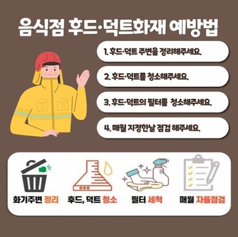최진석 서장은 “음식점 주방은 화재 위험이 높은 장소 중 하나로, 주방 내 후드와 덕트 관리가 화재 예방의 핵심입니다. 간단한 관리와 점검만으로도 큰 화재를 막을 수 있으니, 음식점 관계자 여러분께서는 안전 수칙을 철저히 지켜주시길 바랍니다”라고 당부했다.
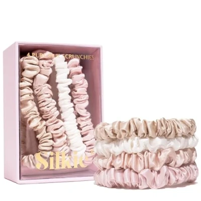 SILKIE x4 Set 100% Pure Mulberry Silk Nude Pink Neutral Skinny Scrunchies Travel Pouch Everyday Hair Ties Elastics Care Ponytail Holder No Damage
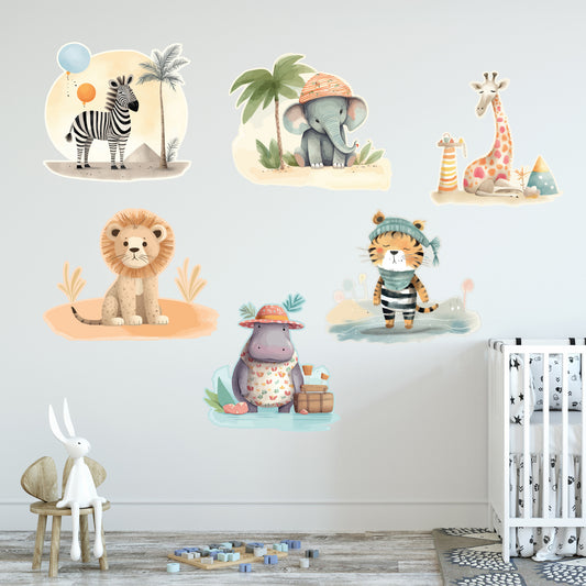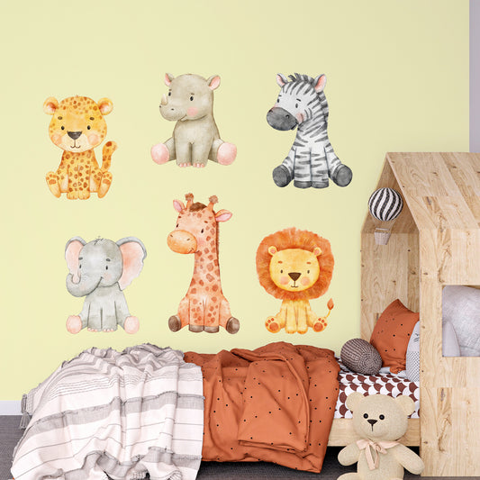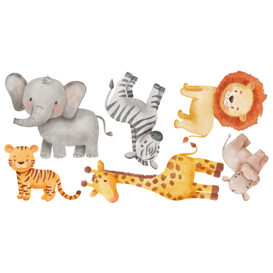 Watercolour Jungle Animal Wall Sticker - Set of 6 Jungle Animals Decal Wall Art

--

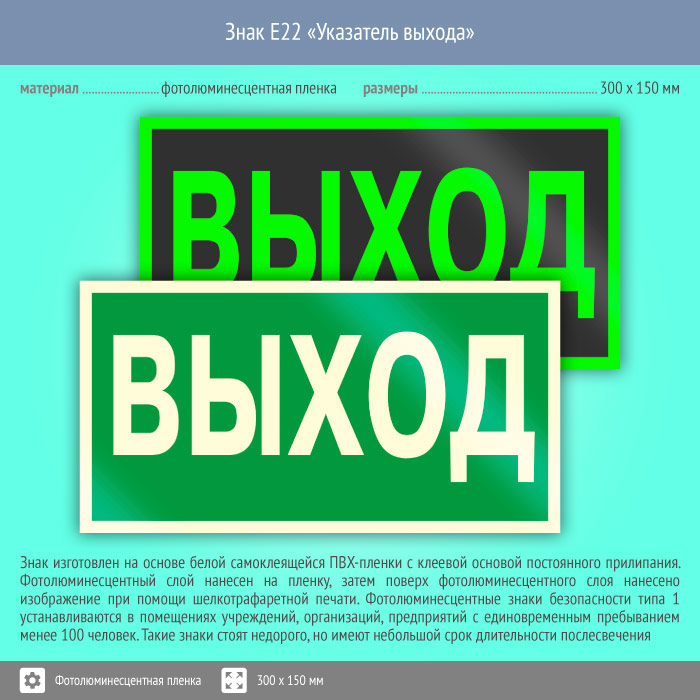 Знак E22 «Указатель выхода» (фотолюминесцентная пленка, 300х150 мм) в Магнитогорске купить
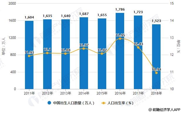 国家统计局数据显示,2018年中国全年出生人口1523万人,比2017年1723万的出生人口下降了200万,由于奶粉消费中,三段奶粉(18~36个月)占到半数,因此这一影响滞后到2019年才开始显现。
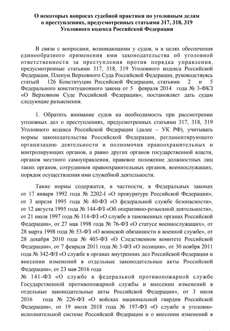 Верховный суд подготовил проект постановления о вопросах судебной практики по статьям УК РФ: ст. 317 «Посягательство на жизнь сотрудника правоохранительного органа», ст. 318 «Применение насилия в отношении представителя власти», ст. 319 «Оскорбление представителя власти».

--

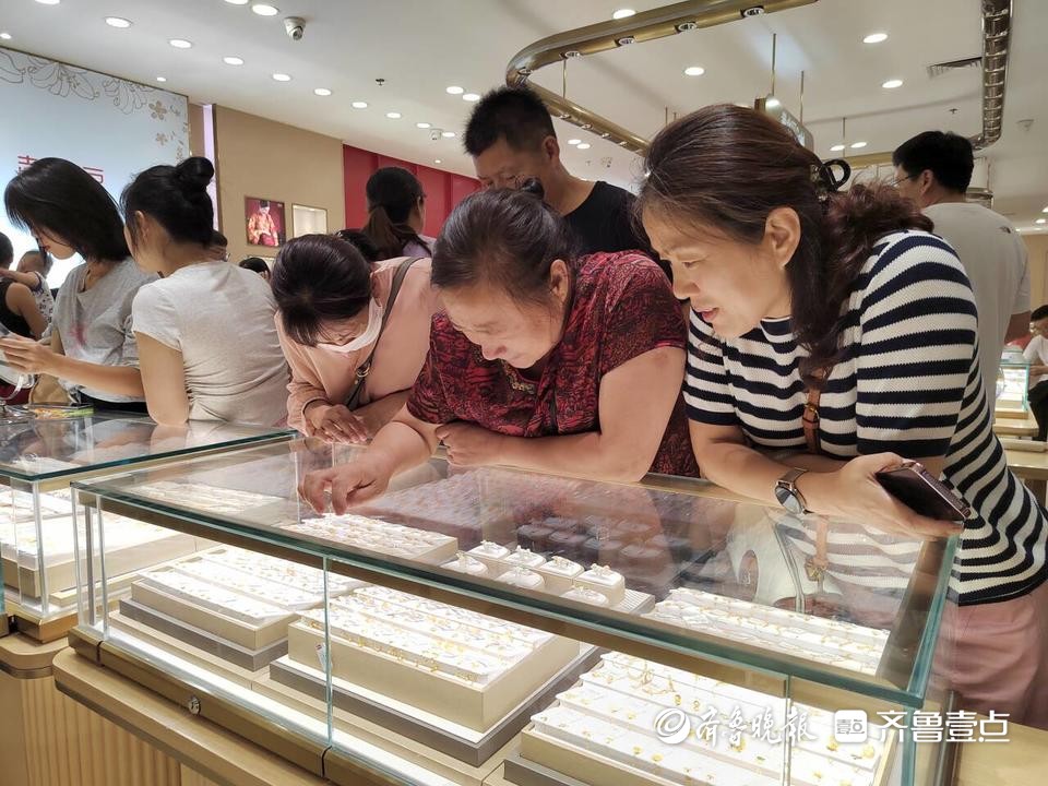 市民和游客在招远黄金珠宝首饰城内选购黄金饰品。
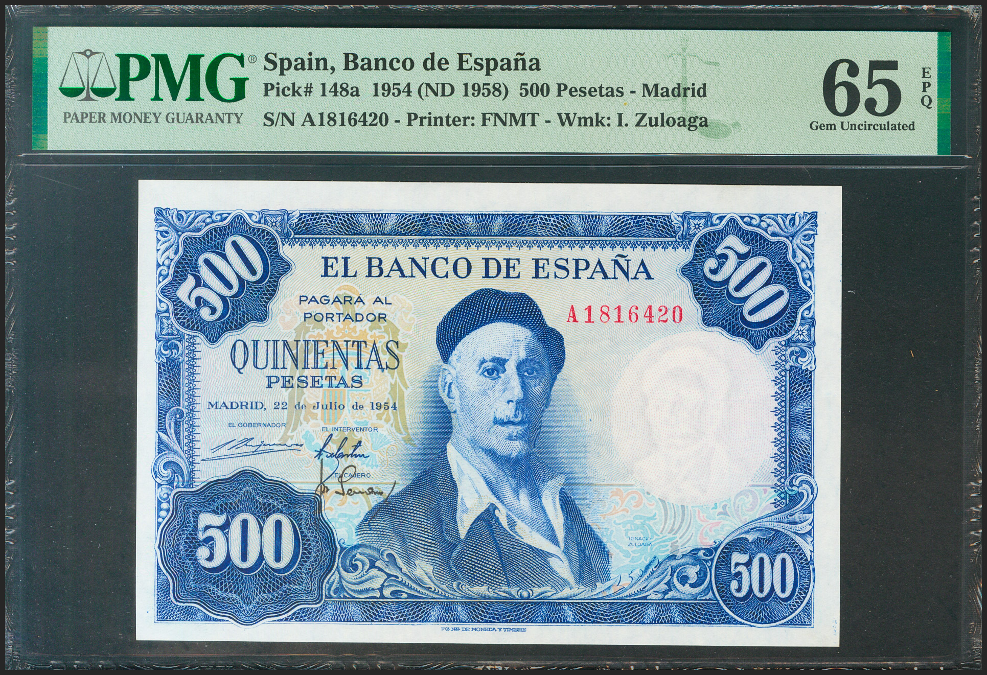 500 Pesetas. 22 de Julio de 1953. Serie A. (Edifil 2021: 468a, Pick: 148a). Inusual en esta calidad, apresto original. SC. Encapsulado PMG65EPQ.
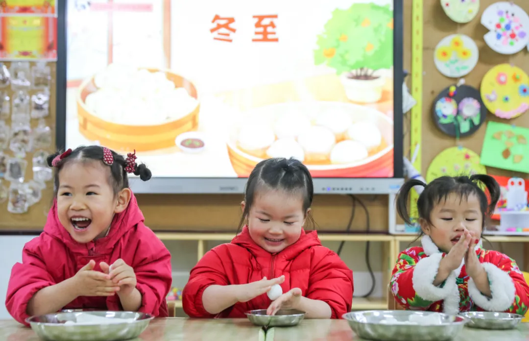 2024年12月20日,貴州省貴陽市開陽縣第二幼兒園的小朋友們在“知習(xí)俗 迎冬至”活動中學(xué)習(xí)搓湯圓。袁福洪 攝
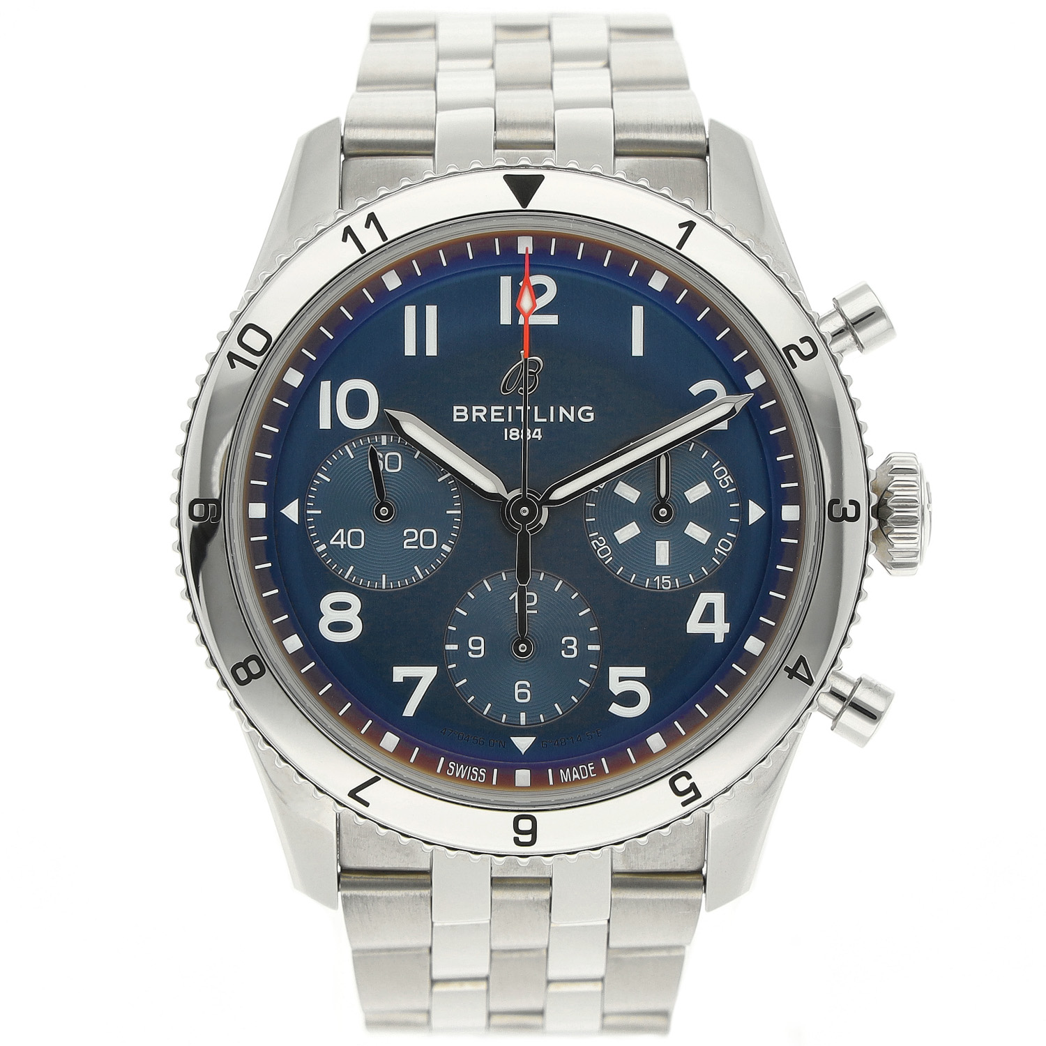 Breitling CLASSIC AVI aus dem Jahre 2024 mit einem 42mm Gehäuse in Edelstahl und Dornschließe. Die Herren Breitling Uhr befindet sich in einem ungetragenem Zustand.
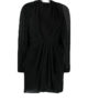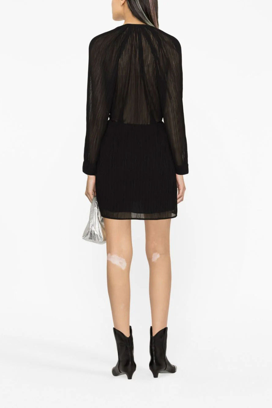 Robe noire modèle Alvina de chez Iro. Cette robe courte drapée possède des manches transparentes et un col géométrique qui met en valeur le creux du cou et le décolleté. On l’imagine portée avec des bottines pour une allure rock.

[Work to complete]
Within the listing above, print exactly the stretch beginning at the line that contains "화재 예방의 핵심입니다." and finishing at the line that contains "Watercolour Jungle Animal", ends kept, pictures left out, and nothing more.

[Answer section]
최진석 서장은 “음식점 주방은 화재 위험이 높은 장소 중 하나로, 주방 내 후드와 덕트 관리가 화재 예방의 핵심입니다. 간단한 관리와 점검만으로도 큰 화재를 막을 수 있으니, 음식점 관계자 여러분께서는 안전 수칙을 철저히 지켜주시길 바랍니다”라고 당부했다.
 SILKIE x4 Set 100% Pure Mulberry Silk Nude Pink Neutral Skinny Scrunchies Travel Pouch Everyday Hair Ties Elastics Care Ponytail Holder No Damage
 Watercolour Jungle Animal Wall Sticker - Set of 6 Jungle Animals Decal Wall Art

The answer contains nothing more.